Task details -
Although the data below contains pictures, output only the lines between those holding "前8个月,印尼橡胶木出口价均" and "图1:户外,老同志一同研读二级关工委、公司有关离退休工作文件", inclusive, exactly and without those pictures.

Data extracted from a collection

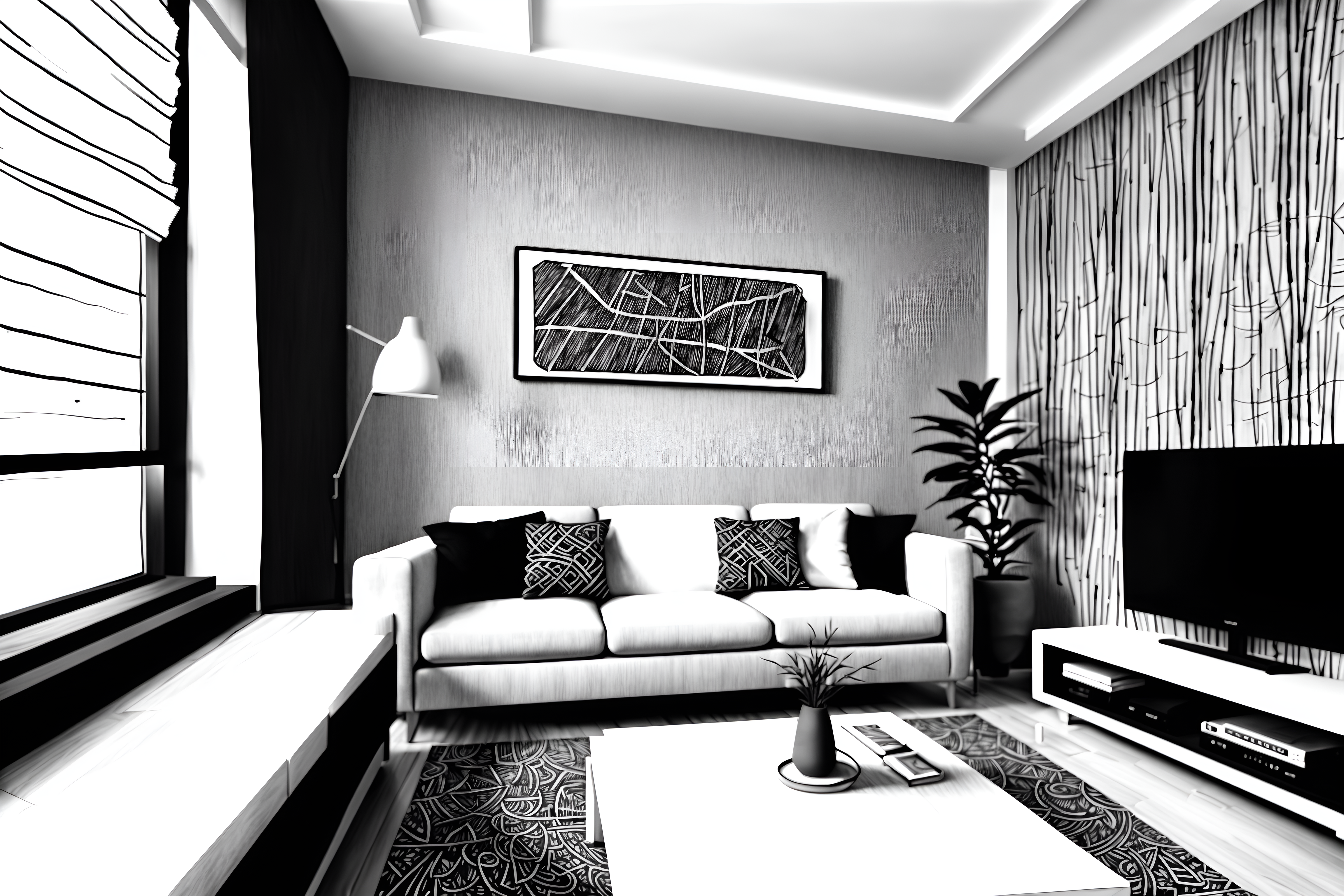 (hand-drawn monochrome black and white sketch line drawing)++ of sketch-style interior designed (living room) apartment interior. a sketch of interior. with . . a sketch of interior. with televisions and plant and occasional tables. trending on artstation. black and white line drawing sketch without colors. masterpiece, cinematic light, ultrarealistic+, photorealistic+, 8k, raw photo, realistic, sharp focus on eyes, (symmetrical eyes), (intact eyes), hyperrealistic, highest quality, best quality, , highly detailed, masterpiece, best quality, extremely detailed 8k wallpaper, masterpiece, best quality, ultra-detailed, best shadow, detailed background, detailed face, detailed eyes, high contrast, best illumination, detailed face, dulux, caustic, dynamic angle, detailed glow. dramatic lighting. highly detailed, insanely detailed hair, symmetrical, intricate details, professionally retouched, 8k high definition. strong bokeh. award winning photo.
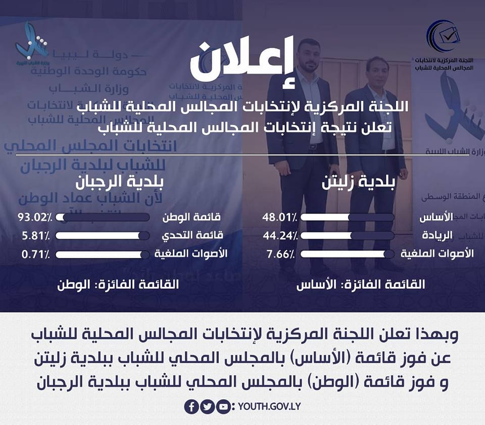 وبهذا تعلن اللجنة المركزية لإنتخابات المجالس المحلية للشباب عن فوز قائمة “الأساس” بالمجلس المحلي للشباب ببلدية “زليتن”
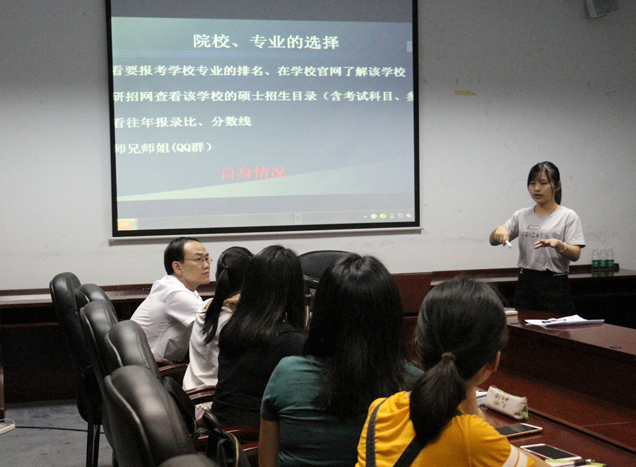 为了延续良好的考研风,必赢官网在今年三月举行了“SFL生涯辅导工作坊”的2018届毕业生考研动员活动,在5月5日下午在第二行政楼308召开考研专题的第二场:考研经验交流会。学院党总支书记徐超、13级辅导员雷肖茹、14级辅导员刘万里、14级意向考研学生共30余人出席了交流会;本次交流会由3位优秀考研代表讲授考研经验及心得,分别是成功考入华南师范大学的吴佩珍,江西师范大学的杨梦环和广州大学的阮泳仪。
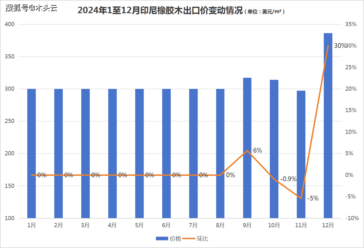 前8个月,印尼橡胶木出口价均维持正在300美元/立方的程度,9月出口价略微上调6%至317美元/立方,10月和11月持续下调,此中11月成为全年最大程度。猜测遭到泰国暴雨影响橡胶木原料供应,以及全球橡胶价钱大涨,12月马来西亚橡胶木出口价达到全年最高程度,同比增加28。6%至386美元/立法?。
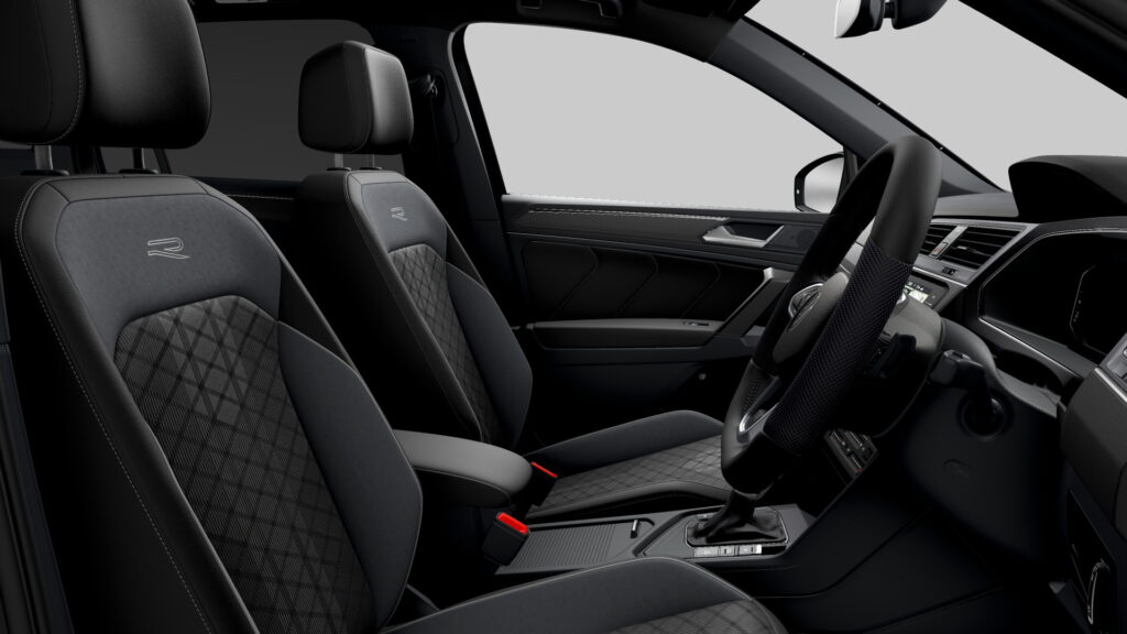 다크 테마는 실내에도 이어져서 카본 그레이 인서트가 대시보드와 도어 트림에 적용되고, 헤드라이너 역시 블랙 헤드라이너로 적용했다. 그 외 인테리어 모든 부분 역시 올 블랙 컬러로 시트에는 R 엠블럼도 더해졌다. 기본 사양으로는 열선이 포함된 스포츠 컴포트 시트와 스포츠 스티어링 휠, 디지털 클러스터와 9.2인치 내비게이션/인포테인먼트 시스템이 포함된다.
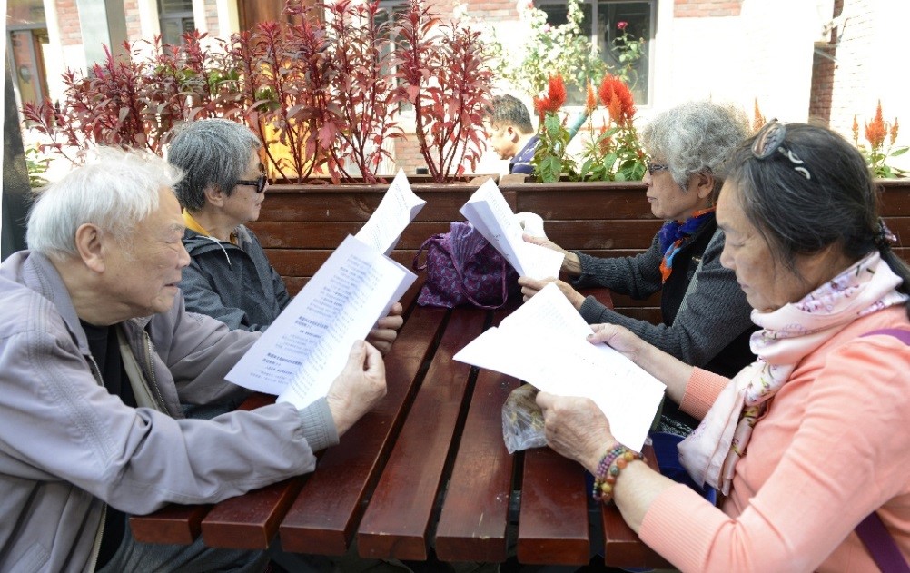 图1:户外,老同志一同研读二级关工委、公司有关离退休工作文件
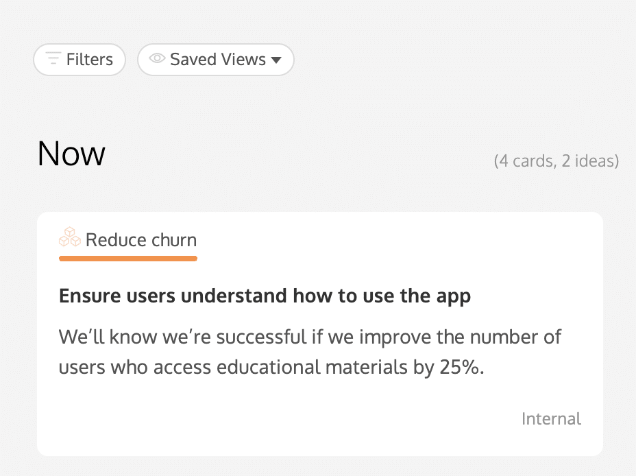 The way you measure success may be different depending on the granularity of the problem. Let’s consider an example like having a high amount of churn/cancellations. This is a product-level problem, and is easy to measure. There are lots of tools available to allow us easily to keep track of the number/value of customers who cancel each month. However, the ways in which we solve the problem are less defined – it could be more educational tools, in-app help, improved onboarding or a myriad other options. If we decide on educational tools, there are multiple options, such as videos, help articles, or live chat. We need to measure success at different levels. In ProdPad, we would represent this by creating a roadmap that is structured around objectives and key results, initiatives and ideas.

Response box -
 前8个月,印尼橡胶木出口价均维持正在300美元/立方的程度,9月出口价略微上调6%至317美元/立方,10月和11月持续下调,此中11月成为全年最大程度。猜测遭到泰国暴雨影响橡胶木原料供应,以及全球橡胶价钱大涨,12月马来西亚橡胶木出口价达到全年最高程度,同比增加28。6%至386美元/立法?。
 다크 테마는 실내에도 이어져서 카본 그레이 인서트가 대시보드와 도어 트림에 적용되고, 헤드라이너 역시 블랙 헤드라이너로 적용했다. 그 외 인테리어 모든 부분 역시 올 블랙 컬러로 시트에는 R 엠블럼도 더해졌다. 기본 사양으로는 열선이 포함된 스포츠 컴포트 시트와 스포츠 스티어링 휠, 디지털 클러스터와 9.2인치 내비게이션/인포테인먼트 시스템이 포함된다.
 图1:户外,老同志一同研读二级关工委、公司有关离退休工作文件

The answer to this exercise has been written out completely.